I examined three embryonic ages—ED 22 (youngest), ED 24 (intermediate), and ED 26 (oldest); hereafter ‘all embryonic stages’ refers to these three ages.

2.3.1. Experiment I—Effect of Light

Pineal organs from 22-, 24-, and 26-day-old embryos were incubated for three days under a 12 h light:12 h dark cycle (12L:12D; photophase 07:00–19:00, scotophase 19:00–07:00; group I) or a reversed dark-light cycle (12D:12L; photophase 19:00–07:00, scotophase 07:00–19:00; group II). A third group (group III) was incubated under the 12L:12D cycle for one day, and during the night the explants were exposed to white light (100 lx at the chamber surface) between 01:00 and 04:00. Each experimental series included explants from all age groups and treatments, with 36 pineal organs in total (4 per age/treatment combination).

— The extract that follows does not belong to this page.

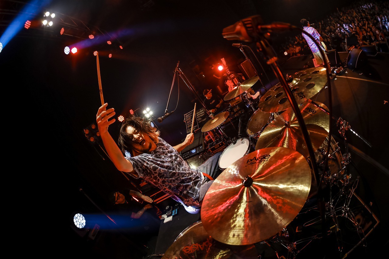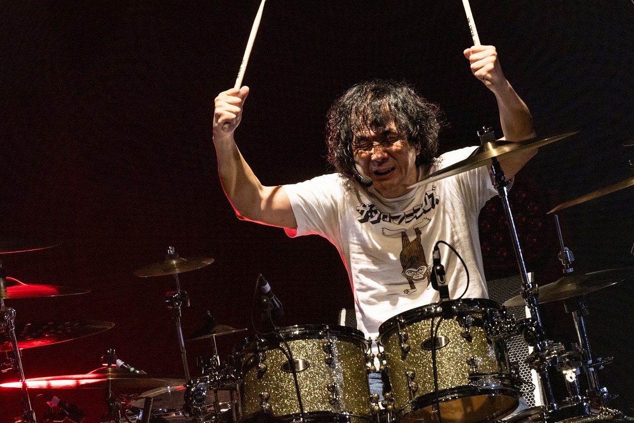 マーシーと小林勝(Ba, Cho)が高速でリズムを刻みながら、ドラムソロに繋げ、オー、オー、イエー、イエーのコール&レスポンスで客席をぐっと盛り上げる。

2.3.2. Experiment II—Activity of the Endogenous Oscillator

Pineal organs from 22-, 24-, and 26-day-old embryos were incubated for three days under continuous darkness (24D; group IV) or continuous light (24L; group V). The experiment consisted of three identical replicates with respect to embryo age and protocol, comprising 24 pineal glands in total (4 per age/treatment combination).

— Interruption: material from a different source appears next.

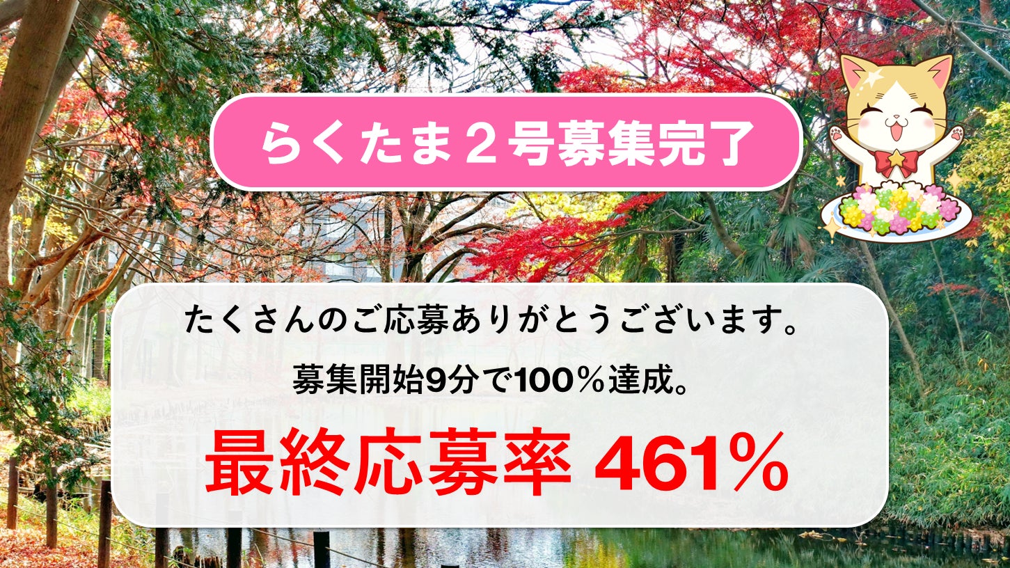 らくたま1号・2号では、いずれも応募超過となり、多くの方に出資機会をご提供できなかったことを踏まえ、『らくたま』では早急に、新規ファンド3号・4号の組成を決定いたしました。

2.3.3. Experiment III—Effect of Norepinephrine

In group VI, pineal organs from 22-, 24-, and 26-day-old embryos were cultured for one day under a 12L:12D cycle, followed by two days in continuous darkness. During the second and third subjective days (07:00–19:00), the explants were incubated in medium containing 10 µM NE. Group VII explants were cultured under a 12L:12D cycle for one day and exposed to NE (10 µM) during the night between 01:00 and 04:00. The experiment consisted of four identical replicates for each age group and treatment, with 24 pineal organs in total (4 per age/treatment combination).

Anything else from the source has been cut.